Data provided:

↓↓↓

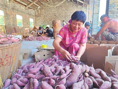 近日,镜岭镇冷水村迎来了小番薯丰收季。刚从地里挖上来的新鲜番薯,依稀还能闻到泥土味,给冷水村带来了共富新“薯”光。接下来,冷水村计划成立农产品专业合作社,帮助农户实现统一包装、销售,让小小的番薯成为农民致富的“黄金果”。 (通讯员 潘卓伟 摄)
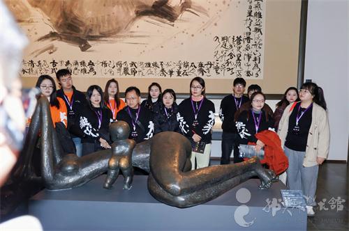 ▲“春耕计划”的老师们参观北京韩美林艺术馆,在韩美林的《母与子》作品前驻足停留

↑↑↑
↓↓↓

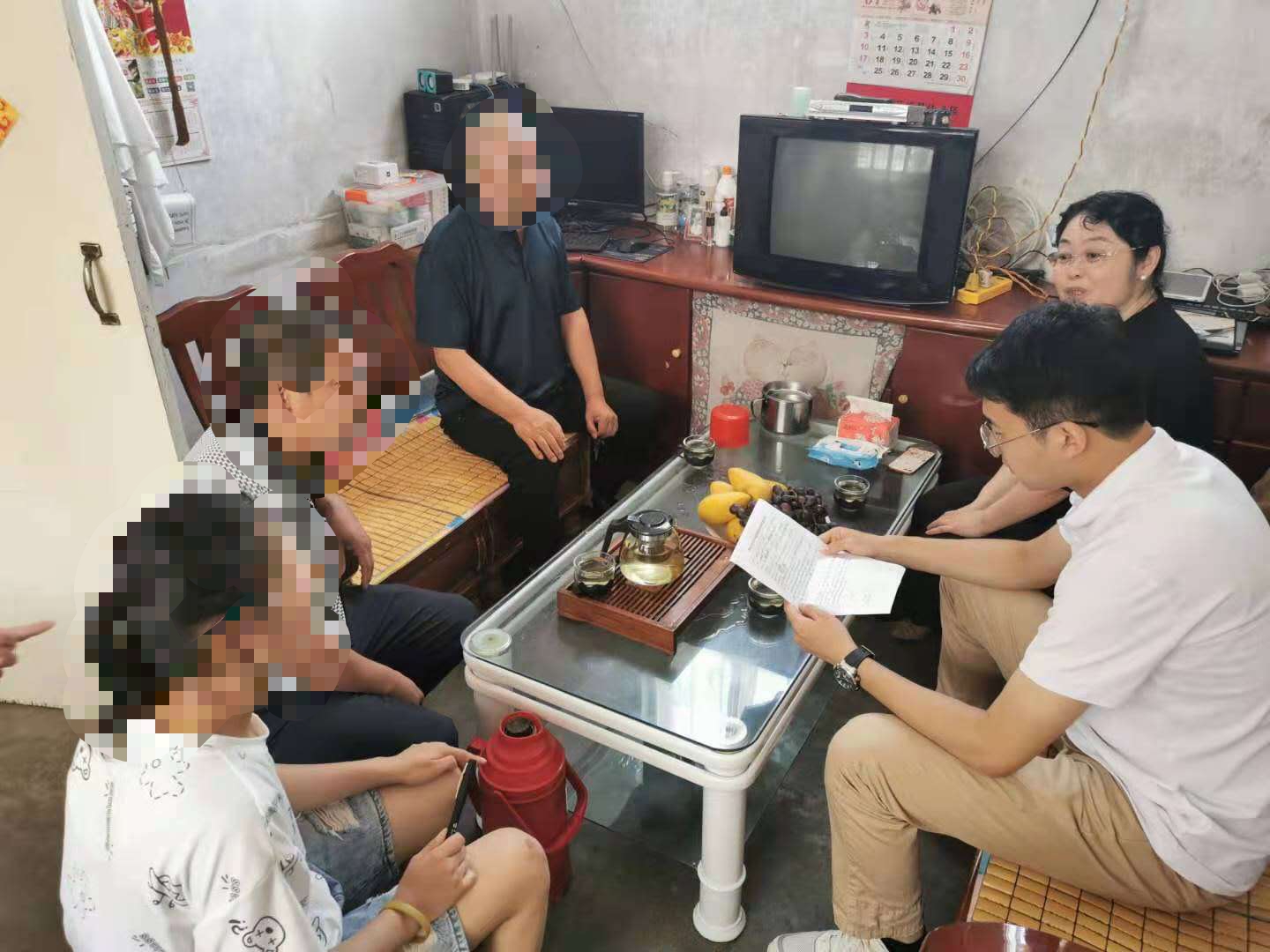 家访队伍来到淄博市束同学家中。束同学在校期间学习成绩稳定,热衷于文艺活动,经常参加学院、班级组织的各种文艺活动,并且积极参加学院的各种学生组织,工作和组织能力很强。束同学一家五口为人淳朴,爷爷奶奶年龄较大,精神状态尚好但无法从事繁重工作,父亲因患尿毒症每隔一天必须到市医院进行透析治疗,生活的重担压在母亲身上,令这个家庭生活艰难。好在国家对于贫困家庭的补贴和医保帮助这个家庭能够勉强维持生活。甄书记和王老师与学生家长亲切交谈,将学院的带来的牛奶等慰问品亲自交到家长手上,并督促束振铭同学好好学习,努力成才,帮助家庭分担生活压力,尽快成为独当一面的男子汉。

↑↑↑
↓↓↓

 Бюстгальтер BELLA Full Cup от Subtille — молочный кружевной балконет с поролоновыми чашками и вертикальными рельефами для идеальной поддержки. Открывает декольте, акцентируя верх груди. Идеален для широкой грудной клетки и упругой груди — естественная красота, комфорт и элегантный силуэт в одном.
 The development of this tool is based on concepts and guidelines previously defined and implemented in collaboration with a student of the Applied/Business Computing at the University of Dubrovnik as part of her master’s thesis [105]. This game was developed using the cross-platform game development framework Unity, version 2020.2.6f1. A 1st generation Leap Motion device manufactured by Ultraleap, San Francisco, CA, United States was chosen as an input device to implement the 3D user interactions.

↑↑↑

What the task requires:
Within the material above, the line with "Бюстгальтер BELLA Full" opens the range and the line with "The development of" closes it; reproduce that range word for word.

Response:
 Бюстгальтер BELLA Full Cup от Subtille — молочный кружевной балконет с поролоновыми чашками и вертикальными рельефами для идеальной поддержки. Открывает декольте, акцентируя верх груди. Идеален для широкой грудной клетки и упругой груди — естественная красота, комфорт и элегантный силуэт в одном.
 The development of this tool is based on concepts and guidelines previously defined and implemented in collaboration with a student of the Applied/Business Computing at the University of Dubrovnik as part of her master’s thesis [105]. This game was developed using the cross-platform game development framework Unity, version 2020.2.6f1. A 1st generation Leap Motion device manufactured by Ultraleap, San Francisco, CA, United States was chosen as an input device to implement the 3D user interactions.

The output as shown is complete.